Fools Rush In
I’m not talking about rushing into love…
In the past, when my husband, one of my sons or someone else I care about makes me mad or appears to be angry with me, I have had a tendency to rush in and attempt to get the whole thing “fixed” as quickly as possible.
My habitual mode has been to get it out right then and there.
To speak my truth, expect the other person to share his or her perspective on the situation and to hash it all out– hopefully coming to some resolution we both can be happy with.
I cannot stand disharmony in any of my relationships. So, in an effort to restore the balance between myself and the person with whom I perceive friction, I have a habit of diving right into the situation and pushing for resolve ASAP and even if the other person does not want to talk with me about it.
This is often a foolish thing to do. My impatience with short-term dissonance usually contributes to longer-term distance in these relationships.
By rushing in– in the heat of moment– when a disagreement has cropped up between myself and my loved one, there’s generally a whole lot more drama than is necessary.
It can get confusing and difficult for either of us to clearly or effectively communicate what is most important to each of us.

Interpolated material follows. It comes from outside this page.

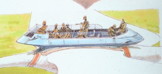I suppose I should strap this to a thranta or something, but it's a bit much for what I do. This was from a very early concept in which Jabba's Palace looked like a beehive in the grasslands, and his barge and skiffs were strapped to huge flying beasts called thrantas. Thrantas were originally thought of for Bespin, then Jabba, and then for the Gungans to use when they fought the Battle Droids. Who knows, maybe we'll see some in Episode 2 or 3.

It’s nearly impossible to truly listen to one another because we’re each so caught up in the intensity of our individual positions.
The resolution and return to harmony that I so desperately seek is almost always more difficult to reach.
The power of the pause.
I am starting to understand how valuable not rushing in can be. I am learning the huge power in a pause.
I’m not talking about trying to shove down the fact that something the other person said or did was upsetting to me– this just isn’t really possible. I’m also not talking about downplaying or discounting my feelings for the “sake of the relationship.” That is never beneficial to anyone.
I’m talking about giving myself and the other person the space and time to choose a response instead of merely reacting to whatever triggered the friction in the first place.
When you give your relationship the precious gift of a pause, you are providing everyone involved the opportunity to sort through all of those initial thoughts and feelings.
How many times have I ended up making inaccurate and regrettable statements to my husband or my sons in the heat of an angry or frustrated moment? How many times have I ended up making a big deal about something that later I deemed so completely inconsequential?
When I pause it is nothing short of miraculous. Getting to the heart of the matter is easier and those in-the-moment slights can be put into a more accurate perspective.
The benefit of clarity.
When you pause you can become clear about what your hurt, betrayed, suspicious, angry and frustrated feelings are all about. This clarity gives you the opportunity to decide what you are actually upset about and how you can best communicate about that with your partner.
The key difference here is that you can choose ways to communicate which will support you both staying open and engaged– able to create a resolution together– instead of one of you feeling like the attacker and the other the victim. (Both may claim the same role.)
In just about every case, when I give myself a little time and space to understand why I am upset, I discover that what has me feeling angry or hurt is vastly different than what I originally thought. Sometimes the whole thing is about a completely different person or a separate yet similar situation.
Sometimes I realize that it’s mainly about me and some need that I’m not fulfilling for myself.
When you find greater clarity about the situation you were initially triggered about, you can be more focused when you do communicate with your loved one about it.
Instead of blustering around about specific words that were purportedly spoken (which you may each remember differently), you can hone in on the dynamic that is at the root of it for you.
Because the pause and the clarity give you the chance to know what you mean in advance of your conversation, you aren’t as likely to be distracted by your own thoughts. You can actually listen with an intention to understand where the other person is coming from.
Does this mean that after a pause and after gaining clarity the conversation will be calm, cool and harmonious? Does taking a pause make the hurt, anger and frustration go away?
Not necessarily.
However, catching yourself before you rush in to try to “fix” the friction does increase your chances of– a little bit later– actually having a conversation that is productive and that allows you to more effectively make your voice heard and regain your relationship connection too.